I just noticed on the ODNR website that a spring turkey youth hunt is set up for a public area I was going to try this spring. I looked through the ODNR website and could not find any info as far as the sections of the public area to be used for the youth hunt. 

My question is has anyone run into this before and does this mean that I cannot hunt this area as I had planned??

I sent an email to ODNR asking the same question and have not heard back yet.


----------



## dodgeboy75 (Feb 20, 2007)

Are you going on a controlled hunt or taking your child???ODNR typically sets the dates for youth hunts before the regular season starts. So unless you are taking a child you will have to wait until April 23 like most of us.


----------



## flounder (May 15, 2004)

No, my daughter is not into hunting right now (just turned 9). I am trying to get her interested. 

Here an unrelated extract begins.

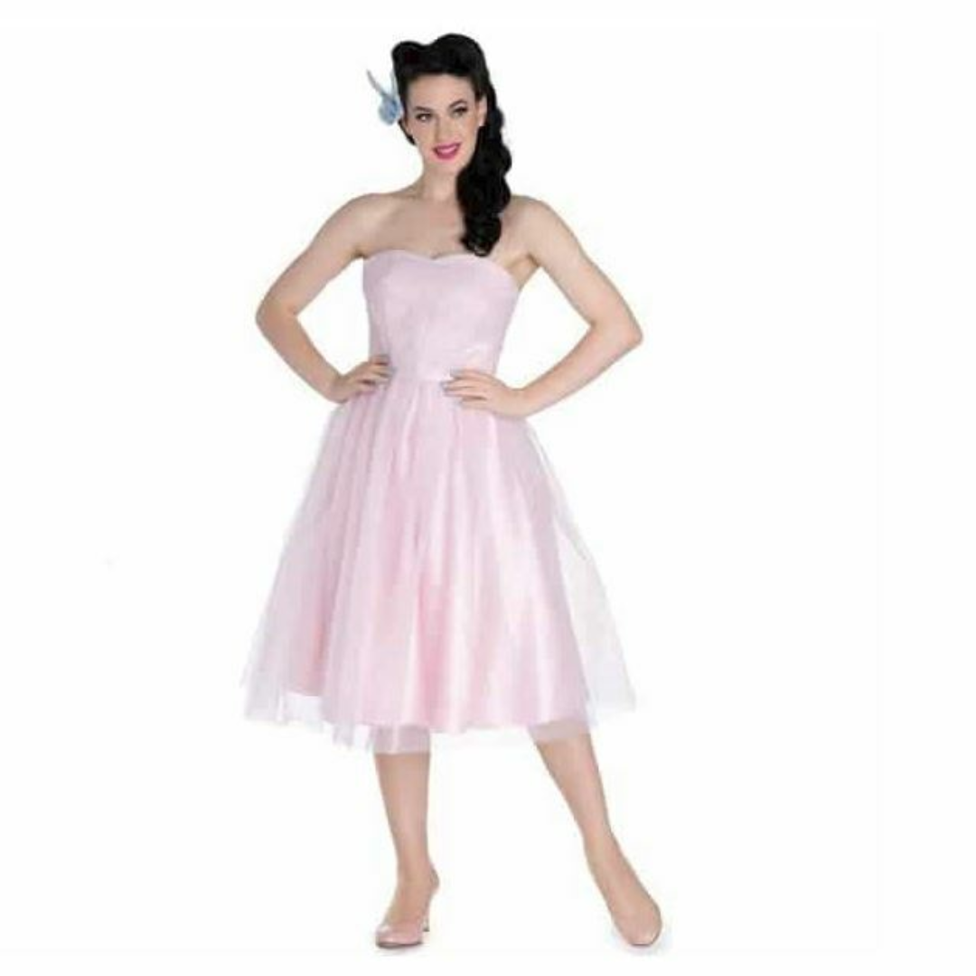 Tamara dress by Hell Bunny is a pink pleated tulle lined strapless dress. It has the most gorgeous ’50s silhouette . With a nylon boned bodice & preformed cups in bodice, the Amelia ’50’s dress guarantees a perfect fit. The Tamara dress by Hell Bunny seams over the bust to shape. Please note, because of the boning, the Tamara dress by Hell Bunny is a smaller size than traditional Hell Bunny sizing so please refer to the size chart.

The date ODNR had listed for that area was actually April 21 - May 20 (saturdays and sundays only which is the only time I can get up there too), the entire season.

The ODNR site mentioned 3 sections per day will be used and I really don't know how big a "section" they are refering to.


----------



## dodgeboy75 (Feb 20, 2007)

You will not be able to hunt April 21 and 22 and depending on the size of the park a "section" could be anywhere from 25-100 acres. ODNR does a good job of giving maps for controlled and youth hunts.


----------



## flounder (May 15, 2004)

I know about April 21 and 22. My question to ODNR was about the rest of the season. I'll contact the local area office about how they have these sections set up. Maybe the spots I've been looking at aren't in the youth sections. 

I've got a few other places to go anyway.


----------



## flounder (May 15, 2004)

Here is the response from ODNR:

"Turkey hunting in the Killbuck Marsh Refuge will be restricted to youth hunting with valid permit only.

If you have any other questions you can contact our Wildlife District 3 Office at (330-644-2293.

Thanks, Janice"

Bummer. I was looking forward to going there.


----------